The Army’s No. 1 priority, readiness, must also be our top priority, and our readiness must be the ability to adjust to a rapidly changing world. We must be ready with the ability to provide new weapon system capabilities or information systems that can accommodate new categories of data, new ways to understand the complex world the warfighter must face.

THE DHARMA OF INFORMATION-SEEKING BEHAVIOR
Our information systems are not as dynamic as our information-seeking behavior. As T.D. Wilson notes in his paper “On user studies and information needs,” “It may be advisable to remove the term ‘information needs’ from our professional vocabulary and to speak instead of ‘information seeking towards the satisfaction of needs.’ ” This is our dharma, our path to truth, cosmic order. Wilson’s point is that information needs aren’t static—they change over time. “Now that I know that, I want to know this.” Now that I know we’re obligating the funds too early, why don’t we have better insight into the contractor burn rate? Each one of these questions would require a change to the structure of a database. A slightly different question may require changing how data are collected, stored or queried.

The Army’s ability to sustain its information systems is dependent upon the flexibility of those systems. If those systems cannot adapt to changing information needs, we will see a quick transition to obsolescence followed by another expensive investment in the next generation, or even another overlapping system, maintained alongside the first one. Information-seeking behavior on its own isn’t expensive, but what if you have spent thousands of dollars building an infrastructure to collect the data to provide the information? In other words, we can’t afford to change our minds about what we want to know.

YOGA FOR DATA
Our traditional data warehouses are highly structured and so rigid that they have become brittle. We need yoga for our data structures to increase their flexibility, to adapt to information-seeking behavior. The body of a data warehouse is its schema, a set of constraints that tells what the data must look like. Data must fit the schema to be entered into a database. If we want to add data that doesn’t fit the schema (for example, if we want to add a contractor burn rate not previously captured), then we must change the schema. While modifying the schema is marginally easier than forcing a human body into a new and difficult yoga position for which it has not prepared, it is still a costly and time-consuming exercise.

One of the underlying assumptions of a modern data warehouse is that the data must follow a common schema—if data is not consistent in description, in how it is measured, then we can’t relate the data to allow us to make that leap from data to information. This is a good assumption, but we’re applying it too early. We’re applying it to data collection rather than data analysis.

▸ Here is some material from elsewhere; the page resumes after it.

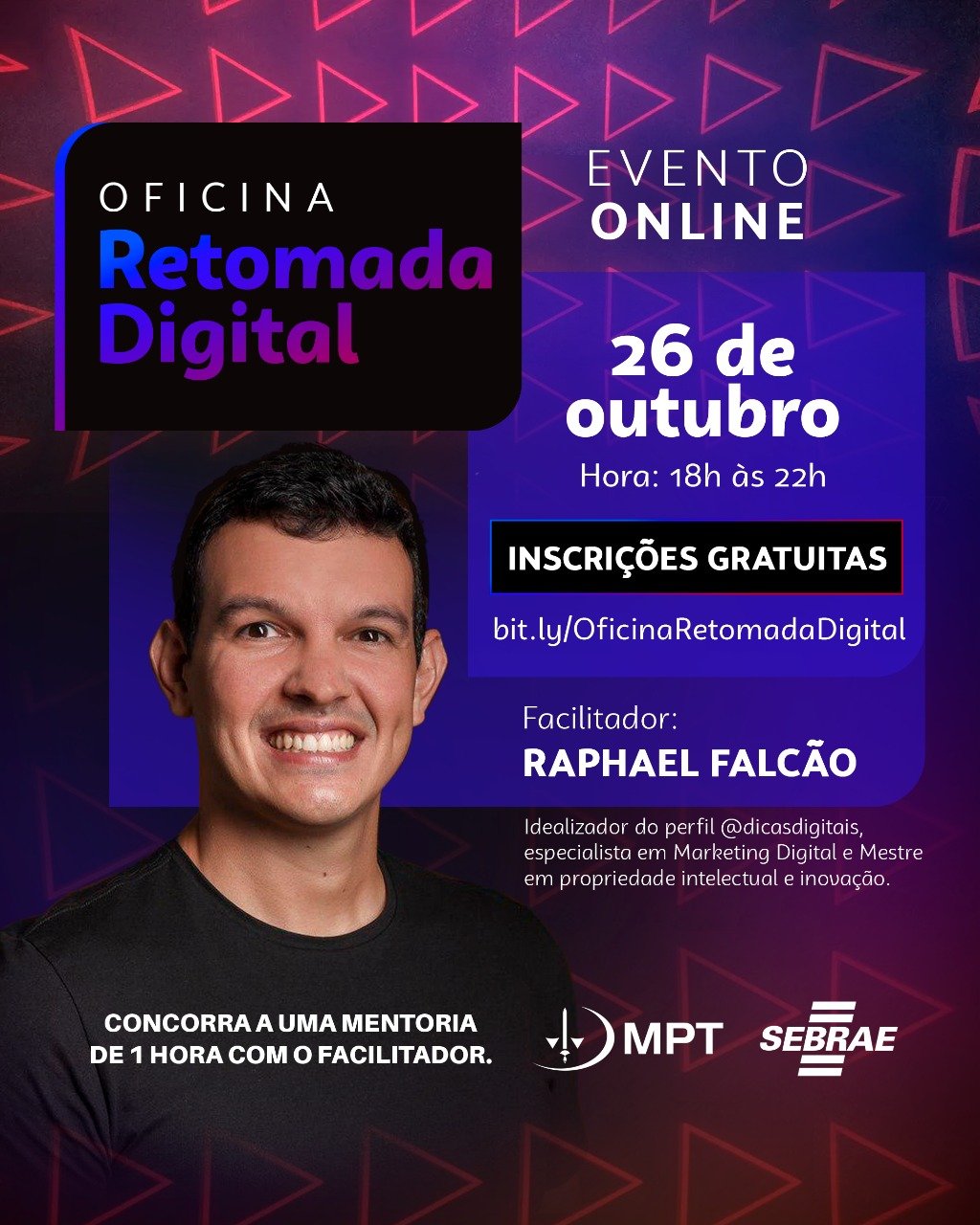 As inscrições podem ser feitas de forma gratuita no endereço https://bit.ly/OficinaRetomadaDigital. No final do evento, também será definido qual participante vai ter direito a receber uma mentoria especial com Raphael Falcão.

Forcing data into a common format complicates the process of pulling in data from other information systems. Imagine if we took the water piped into our houses and immediately separated it based on need. We’d have one tank of hot water with soap for showers, one tank for water with toothpaste for brushing our teeth, one for washing dishes, one for drinking, and so on. If we run out of drinking water, we can’t use the dish water, because it isn’t suitable. This is what we’re doing with our data when we force it into a schema—we’re assuming a particular use, but if we have a different question, it may not be suitable.

NAMASTE, DATA LAKE
A more efficient method is what we already do: Transform the water at the point of need, and add toothpaste when we’re ready to brush our teeth, or add soap when we’re ready to wash the dishes. With information systems, a pool of unstructured data is called a “data lake.” The key distinction between a data warehouse (a traditional relational database) and a data lake is when a structure is applied to the data. In a data warehouse, the schema is applied at the time the data are added to the warehouse; in a data lake, the schema is applied when data are called upon to answer an information need.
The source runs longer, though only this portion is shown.